When asked who lost Iran in February 1979, President Carter stated that, "It's obvious that Iran was not ours to lose in the first place. We don't own Iran, and we have never had any intention nor ability to control the internal affairs of Iran." He also said at a news conference that, "I don't know of anything we could have done to prevent [the incident] from occurring in Iran."

President Carter did not get the point. He was not asked whether the United States owned or controlled Iran. The real question was whether or not the President of the United States of America was ready and determined not only to show but also to use if necessary the power of America in such "complicated social and religious and political interrelationships [...] in Iran."

Obviously he was not ready and determined in 1979. Neither has President Obama been in 2015. He withdrew U.S. combat troops from Iraq by the end of 2011. He did not show America's strength against ISIL when Mosul fell to the Jihadists. The U.S. Air Force started air raids against ISIL forces only after two American hostages were beheaded last summer.

ISIL is among the many players in the Middle East who take advantage of this American naiveté.
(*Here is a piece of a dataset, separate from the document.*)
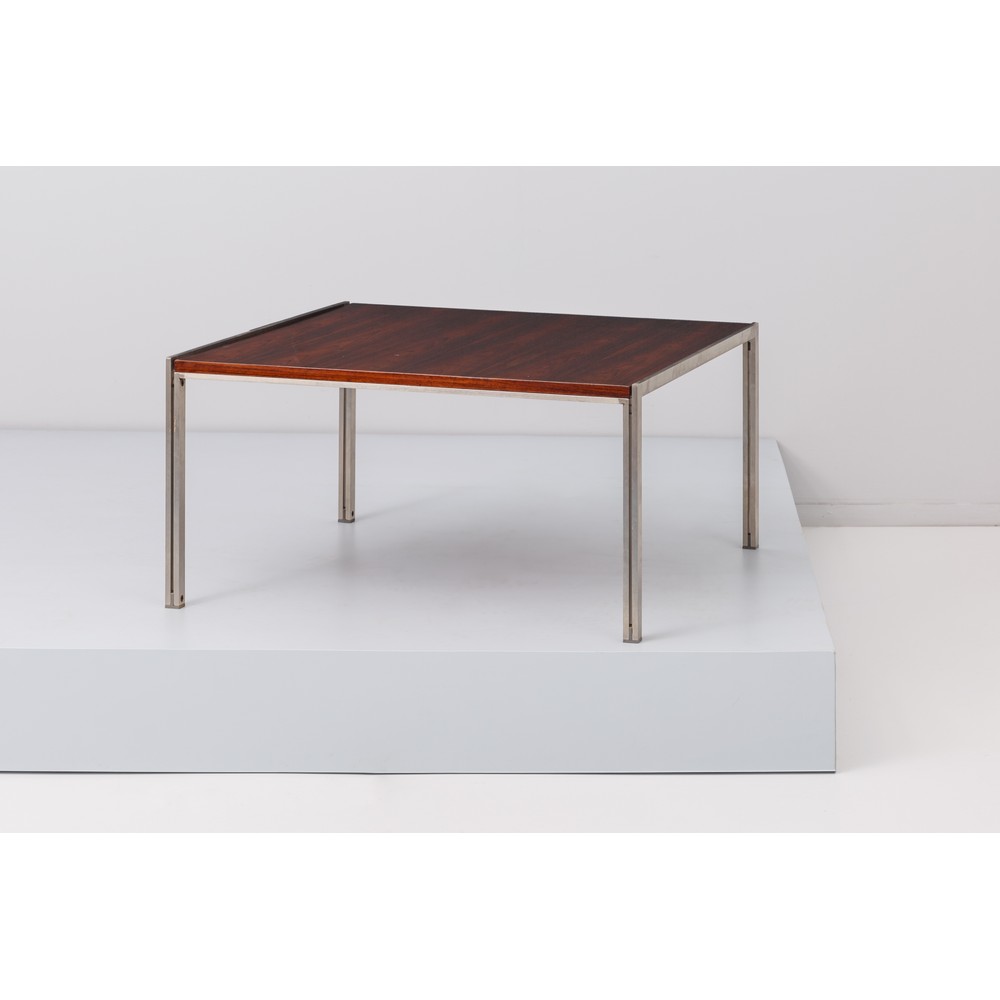 Tavolino basso piano rettangolare in legno di palissandro impiallacciato, gambe in metallo cromato.

The first and foremost player is the Iranians who tactically support Iraq's Shiite militias (not the regular army) who have reportedly taken over Tikrit. This means that the northern half of Iraq is being virtually taken over by Iran. Now it is crystal clear who lost Iraq. Unfortunately, this is not the end of the tragedy.

For Israel, this kind of American inertia is a nightmare, too. If they believe they cannot rely 100% on their bilateral alliance with the United States, the Israelis must react on their own. That's why Prime Minister Benjamin Netanyahu broke the taboo of visiting Washington D.C. last March to give a speech in Congress less than two weeks before general elections at home.

Moreover, Arab nations are playing the same game in different ways.

In Bahrain four years ago, Saudi Arabia and its Gulf Cooperation Council (GCC) allies deployed 'Peninsula Shield Force' troops to Manama, accusing Iran of backing opposition from the Shiite majority against the Sunni monarchy. At that time President Obama just said that he was "deeply concerned" by the violence, while U.S. Secretary of State Hillary Clinton only urged restraint.

The new king of Saudi Arabia did not seek U.S. consent for the bombing campaign in Yemen. The Saudis, Egyptians and other Sunni Arabs accuse Iran of supporting the movement of the Houthis, a Shiite Islamic tribe in the south-western Arabian Peninsula. In response, the Obama administration only withdrew U.S. special operations units from Yemen.

In a nutshell, key players in the Middle East, from ISIL to Israel, Egypt, Saudi Arabia and even the Houthis, all seem to have realized that the Obama administration is not willing to act decisively, and that each one of them must react on their own to the rapidly changing politico-military environment in their neighborhood. Once this kind of phenomenon gets started it is very difficult for anyone to stop.

The Middle East is not alone in coming to this realization. Similar phenomena are taking place on the ground in Eastern Europe and on the water in East Asia. With the absence of American determination, major powers in various parts of the world start playing their own games. These vicious cycles must be stopped now and the status quo maintained.

How long will this go on? Most likely for two more years until January 2017? Can we wait? Or do we have enough time? Nobody seems to know the answers. However, as long as this situation continues, the right and just will be most likely overwhelmed by the wrong and unjust. American foreign policy is now playing a handicapped game, with a much reduced chance of victory.